Select a staging area for the data. Staging areas can be created through Snowflake using the CREATE STAGE command. Internal stages can be set up this way to store staged data within Snowflake. Selecting [Custom] will allow the user to specify a custom staging area.


Storage Integration = drop-down

Select the storage integration. Storage integrations are required to permit Snowflake to read from and write to a cloud storage location. Integrations must be set up in advance and configured to support Google Cloud Storage.


Google Storage URL Location = file explorer

To retrieve the intended files, use the file explorer to enter the container path where the Google Cloud Storage bucket is located, or select from the list of GCS buckets.

This must have the format GS://<bucket>/<path>.


Pattern = string

A regular expression pattern string that specifies the file names and/or paths to match. For more information on pattern matching, read the Snowflake documentation.


Warehouse = drop-down

The Snowflake warehouse used to run the queries. The special value, [Environment Default], will use the warehouse defined in the environment. Read Overview of Warehouses to learn more.


Database = drop-down

The Snowflake database. The special value, [Environment Default], will use the database defined in the environment. Read Databases, Tables and Views - Overview to learn more.


Schema = drop-down

The Snowflake schema. The special value, [Environment Default], will use the schema defined in the environment. Read Database, Schema, and Share DDL to learn more.


Target Table = string

Select an existing table to load data into. The tables available for selection depend on the chosen schema.


Load Columns = dual listbox

Choose the columns to load. If you leave this parameter empty, all columns will be loaded.


Format = drop-down

Select a pre-made file format that will automatically set many of the Google Cloud Storage Load component properties. These formats can be created through the Create File Format component. Select [Custom] to specify a custom format using the properties available in this component.


File Type = drop-down

Select the type of data to load. Available data types are: AVRO, CSV, JSON, ORC, PARQUET, and XML. For additional information on file type options, read the Snowflake documentation.

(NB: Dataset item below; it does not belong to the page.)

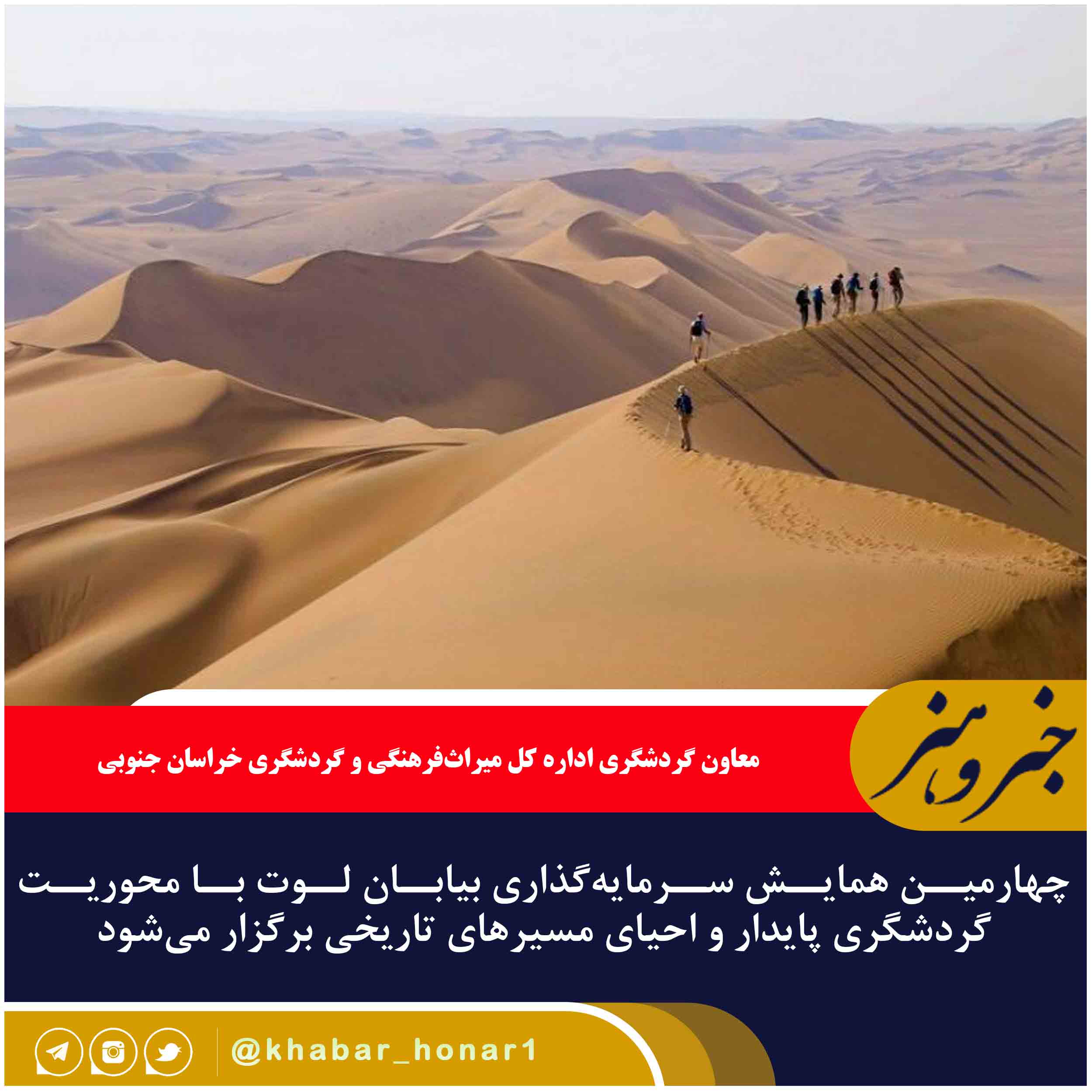 معاون گردشگری اداره کل میراث‌فرهنگی و گردشگری خراسان جنوبی گفت: چهارمین همایش سرمایه‌گذاری بیابان لوت با محوریت گردشگری پایدار و احیای مسیرهای تاریخی برگزار می‌شود تا ضمن جذب سرمایه‌گذاران، طرح‌هایی با حفظ طبیعت و میراث منطقه اجرا شود.

Component properties will change to reflect the selected file type. Click one of the tabs below for properties applicable to that file type.

Compression = drop-down

Select the compression method if you wish to compress your data. If you do not wish to compress at all, select NONE. The default setting is AUTO.


Trim Space = boolean

When Yes, removes whitespace from fields. Default setting is No.


Null If = editor

Specify one or more strings (one string per row in the dialog) to convert to NULL values. When one of these strings is encountered in the file, it is replaced with an SQL NULL value for that field in the loaded table. Click + to add a string.

Compression = drop-down

Select the compression method if you wish to compress your data. If you do not wish to compress at all, select NONE. The default setting is AUTO.


Record Delimiter = string

Input a delimiter for records. This can be one or more single-byte or multibyte characters that separate records in an input file.

Accepted values include: leaving the field empty; a newline character \ or its hex equivalent 0x0a; a carriage return \\r or its hex equivalent 0x0d. Also accepts a value of NONE.

If you set the Skip Header property to a value such as 1, then you should use a record delimiter that includes a line feed or carriage return, such as \ or \\r. Otherwise, your entire file will be interpreted as the header row, and no data will be loaded.

The specified delimiter must be a valid UTF-8 character and not a random sequence of bytes.

Do not specify characters used for other file type options such as Escape or Escape Unenclosed Field.

If the field is left blank, the default record delimiter is a newline character.


Field Delimiter = string

Input a delimiter for fields. This can be one or more single-byte or multibyte characters that separate fields in an input file.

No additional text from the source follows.